Generate the RefFlat file

The first thing we will need to do is construct the RefFlat file. If we had aligned our reads to the genome, each read in our bam file would have a genomic location - a chromosome and a position on that chromosome. We would then need an annotation file that contained the genomic locations of the genes in the genome in order to translate the genomic locations of the reads into gene based information.

The RefFlat file is one of a variety of formats for describing gene annotation. In RefFlat format each line contains the information for a single transcript, including contig/sequence (chromosome) on which the gene is located, the start and end locations on the conig for the transcript, and the start and end locations for each exon of the trancscript. The Picard tool CollectRnaSeqMetrics normally uses this refFlat file to translate the genomic alignments of reads into details of the gene encoded by the transcript molecule from which the reads originated.

To analyse the alignments from Salmon, we still need to provide a refFlat file, but in this case each contig/sequence in the reference is a transcript with a single “exon” (the transcriptome fasta does not include introns). We can use the sequence information that is stored in the header of the bam file to generate this RefFlat file.

We can do this using the data contained in the bam file header.
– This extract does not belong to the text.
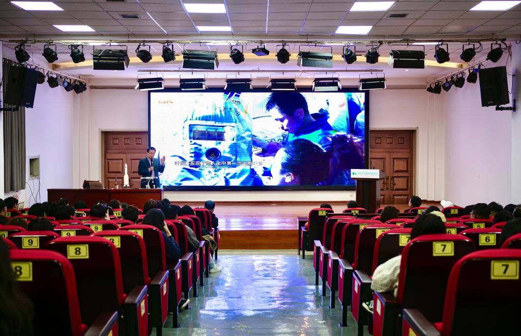 讲座伊始,苟秉宸教授用一张太空视角拍摄的地球照片引发了大家的思考,他从一位亲历者的角度,向师生们讲述了中国航天事业曾面临的挑战和当今取得斐然成绩的不易。从载人飞船到国际空间站,从地球低轨道飞行到探月之旅直到奔向火星,从短期飞行到长期驻留,人类探索太空的脚步从未停止,这全都是一代代航天人秉承“自力更生、艰苦奋斗”的信念以及弘扬“攻坚克难、努力奋斗”的精神体现。其间,苟秉宸教授还借助模型形象演示了我国航天空间站的基本构造和运行轨迹,并通过《梦天圆梦 震撼出征》《中国空间站的钢铁浪漫》《九天揽月会有时》等个人摄影作品向大家展示了我国卫星发射升空的精彩瞬间。每一张照片背后所蕴含的时代故事、拍摄经历及社会印记,都将古老的中华民族飞天梦和新时代国家的民族精神紧密相连。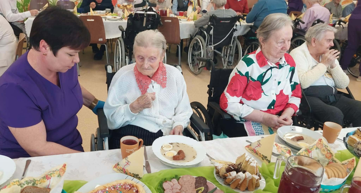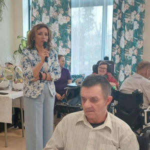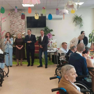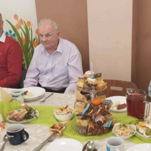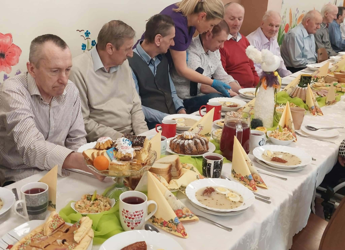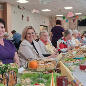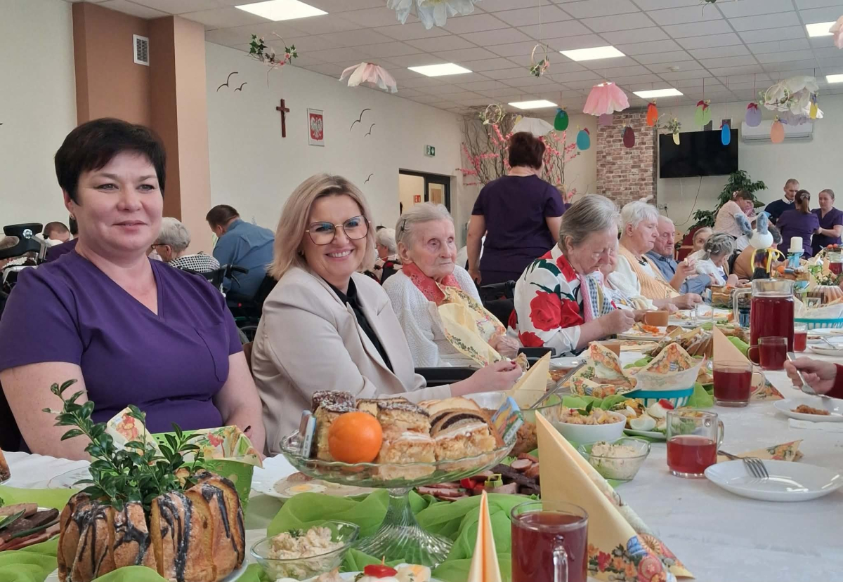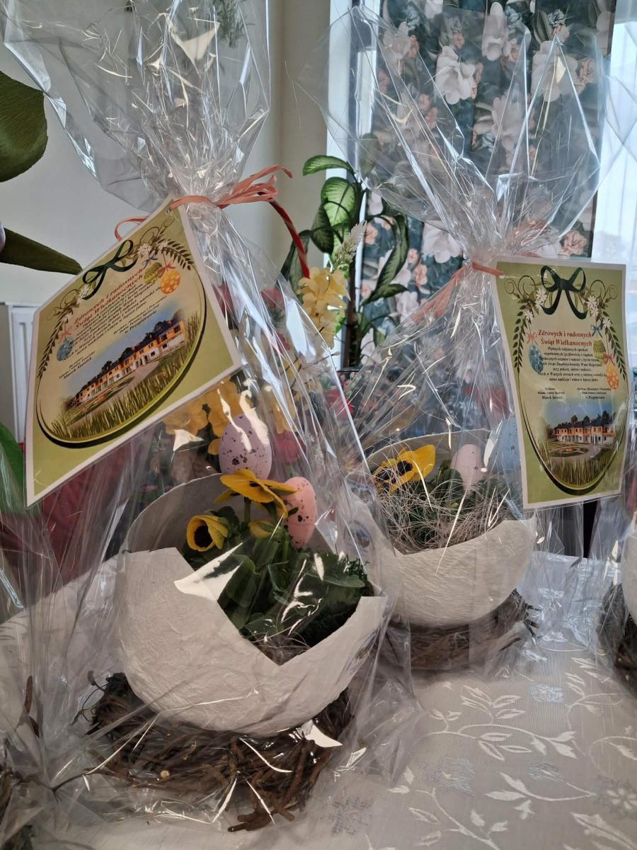 Pan Burmistrz przekazał wszystkim świąteczne życzenia ,,Niech ten czas Wielkiego Tygodnia, przygotowań, zabiegania i trudu przygotuje nas na piękne świętowanie, niech dla Was będą to radosne święta, bo tu znaleźliście dom i rodzinę to tu macie tak dużo miłości i dobrej opieki. Życzę Wam zdrowia, dobrej energii i radości z każdego dnia". Życzenia przekazali również Pani Sekretarz Wiesława Słowik i w imieniu Rady Przewodniczący Rady Miejskiej Wiesław Kowalczyk.

The file create_refflat_from_sam_header.py in the scripts directory is a python script that will read a Salmon mappings BAM file and generate the required RefFlat file from the header.

For future reference, you can download the script from our GitHub repository.In addition to the python script, you will also need to have Python and samtools installed and on the PATH.

create_refflat_from_sam_header.py requires two parameters:

  • -b - the bam file to use
  • -o - the output file name
./scripts/create_refflat_from_sam_header.py \
  -b salmon_qc_demo/SRR7657883/SRR7657883.salmon.sorted.bam \
  -o references/GRCm38_transriptome_refFlat.txt

Note that we only have to do this once, we do not need to create a separate refFlat file for each sample as they have all been quantified using the same transcriptome reference.

Exercise 2

  1. Run Picard’s CollectRnaSeqMetrics tool on the sorted bam file using the following arguments:
    • INPUT - The bam file
    • OUTPUT - salmon_qc_demo/SRR7657883/SRR7657883.salmon.RNA_metrics.txt
    • REF_FLAT - the refFlat reference file
    • STRAND - NONE
    • VALIDATION_STRINGENCY - SILENT
Answer
java -jar picard/picard.jar CollectRnaSeqMetrics \
          INPUT=salmon_qc_demo/SRR7657883/SRR7657883.salmon.sorted.bam \
          OUTPUT=salmon_qc_demo/SRR7657883/SRR7657883.salmon.RNA_metrics.txt \
          REF_FLAT=references/GRCm38_transriptome_refFlat.txt \
          STRAND=NONE \
          VALIDATION_STRINGENCY=SILENT

Note: The \ at the end of each line tells the terminal that when you press Enter, you have not yet finished typing the command. You can if you wish, type the whole command on a single line, omitting the \. The command is written across multiple lines here just to make it easier to read.

The results of this analysis are best viewed graphically, we will do this in the next exercise.

3. Visualising QC results with MultiQC

MultiQC is a tool for collating multiple QC results files into a single report. Its use is simple, you just run the command multiqc on the directory containing your metrics files. The general command is:

multiqc <directory containing metrics files>

We will add a couple of options to control the output directory and the name of the report.

Exercise 3

  1. Run multiqc on the salmon directory:
multiqc \
    -n Salmon_QC_Report.html \
    -o salmon_qc_demo \
    salmon_qc_demo
  • -n - a name for the report
  • -o - the directory in which to place the report
  1. Open the html report that was generated by multiqc and inspect the QC plots The easiest way to do this is type xdg-open salmon_qc_demo/Salmon_QC_Report.html, which will open the report in a web browser.

Exercise 4

In the salmon directory you should find Salmon outputs, duplication metrics and RNAseq metrics for all of the samples from the study.

  1. Run multiqc on the contents of the whole salmon directory.
  2. Open the html report that was generated by multiqc and inspect the QC plots

Q. Are there any samples that look problematic?